++++ Dataset excerpt

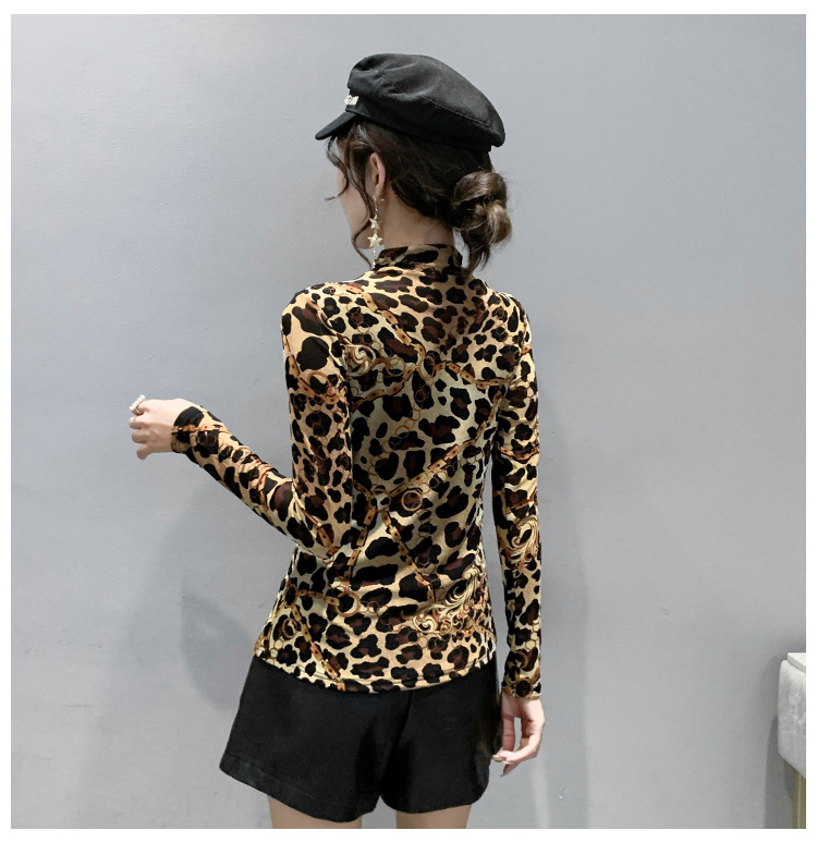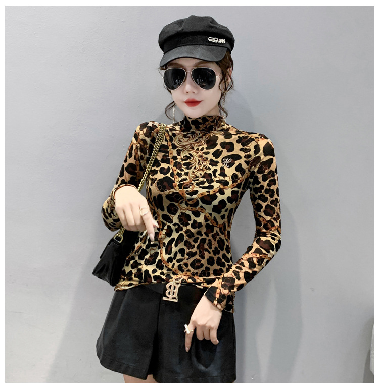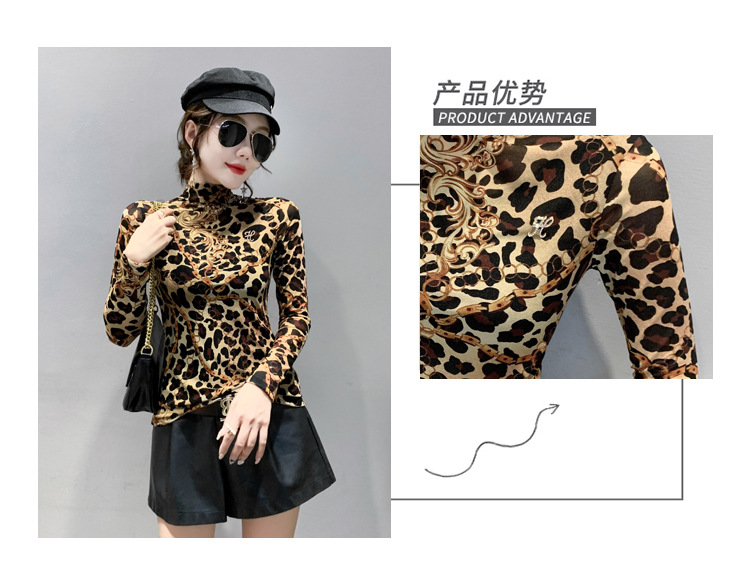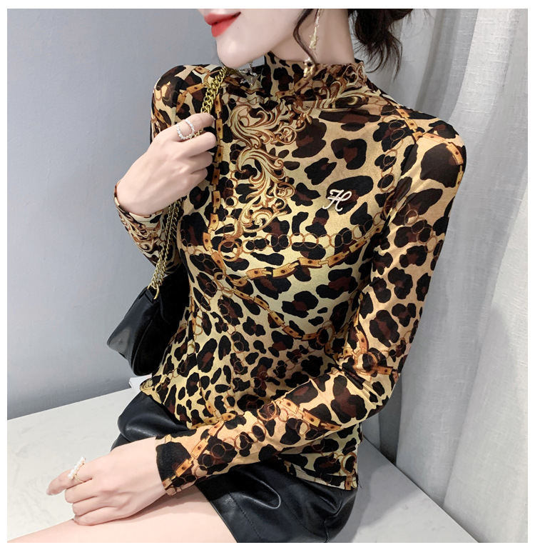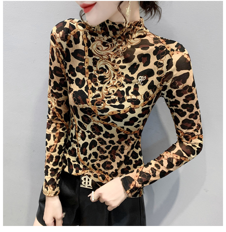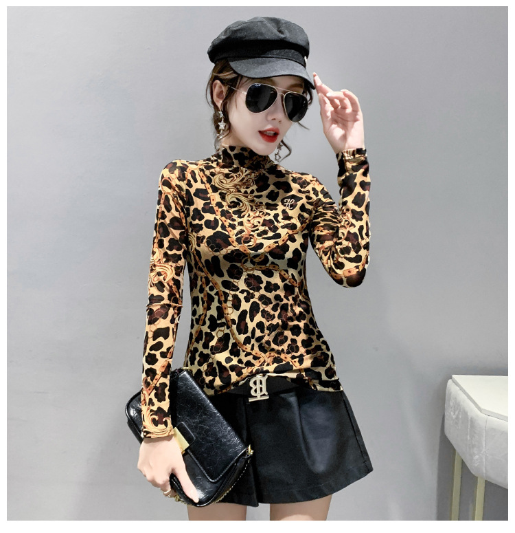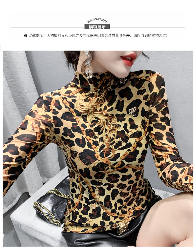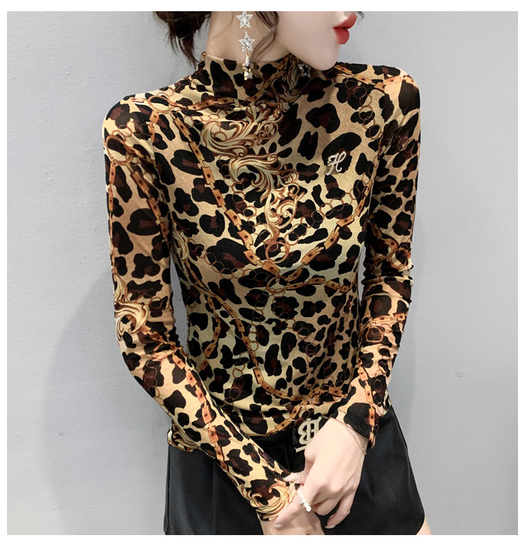 2024 가을과 겨울 새로운 세미 하이 칼라 메쉬베이스 셔츠 슬림 패션 다이아몬드 긴팔 티셔츠 재킷 머리카락스토어 가기
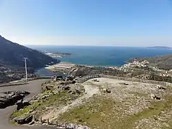 Mirador de Ézaro is a steep mountain road in Galicia, near Costa da Morte, in northern Spain. This road starts in the town of Ézaro (part of Dumbría municipality) by the river Xallas, and it reaches the summit by the homonymous viewpoint. The viewpoint has a magnificent vista of the mouth of the river Xallas, the slopes of granitic Mount Pindo, the cove of O Ézaro, the small Lobeiras islands and the unmistakable shape of Cape Fisterra in the background.
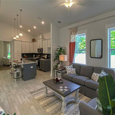 Ceiling Fan(s), High Ceilings, Kitchen/Family Room Combo, Open Floorplan, Pest Guard System, Primary Bedroom Main Floor, Solid Surface Counters, Split Bedroom, Thermostat, Vaulted Ceiling(s), Walk-In Closet(s), Window Treatments
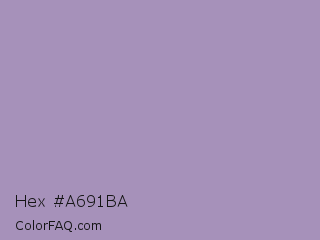 Hex #a691ba Color is a light purple color and the nearest color is Glossy Grape #ab92b3. Hex code #a691ba and RGB value is rgb(166,145,186). In RGB color space, this color is composed of 65% red, 57% green, 73% blue, In CMYK color space, this color is composed of 11% cyan, 22% magenta, 0% yellow , 27% black , In HSL color space, this color has a hue angle of 271° , 23% saturation and 65% lightness.

++++++++

Your instructions: Your answer must be an exact copy of the listing, minus its pictures.

Answer to this problem:
 2024 가을과 겨울 새로운 세미 하이 칼라 메쉬베이스 셔츠 슬림 패션 다이아몬드 긴팔 티셔츠 재킷 머리카락스토어 가기
 Mirador de Ézaro is a steep mountain road in Galicia, near Costa da Morte, in northern Spain. This road starts in the town of Ézaro (part of Dumbría municipality) by the river Xallas, and it reaches the summit by the homonymous viewpoint. The viewpoint has a magnificent vista of the mouth of the river Xallas, the slopes of granitic Mount Pindo, the cove of O Ézaro, the small Lobeiras islands and the unmistakable shape of Cape Fisterra in the background.
 Ceiling Fan(s), High Ceilings, Kitchen/Family Room Combo, Open Floorplan, Pest Guard System, Primary Bedroom Main Floor, Solid Surface Counters, Split Bedroom, Thermostat, Vaulted Ceiling(s), Walk-In Closet(s), Window Treatments
 Hex #a691ba Color is a light purple color and the nearest color is Glossy Grape #ab92b3. Hex code #a691ba and RGB value is rgb(166,145,186). In RGB color space, this color is composed of 65% red, 57% green, 73% blue, In CMYK color space, this color is composed of 11% cyan, 22% magenta, 0% yellow , 27% black , In HSL color space, this color has a hue angle of 271° , 23% saturation and 65% lightness.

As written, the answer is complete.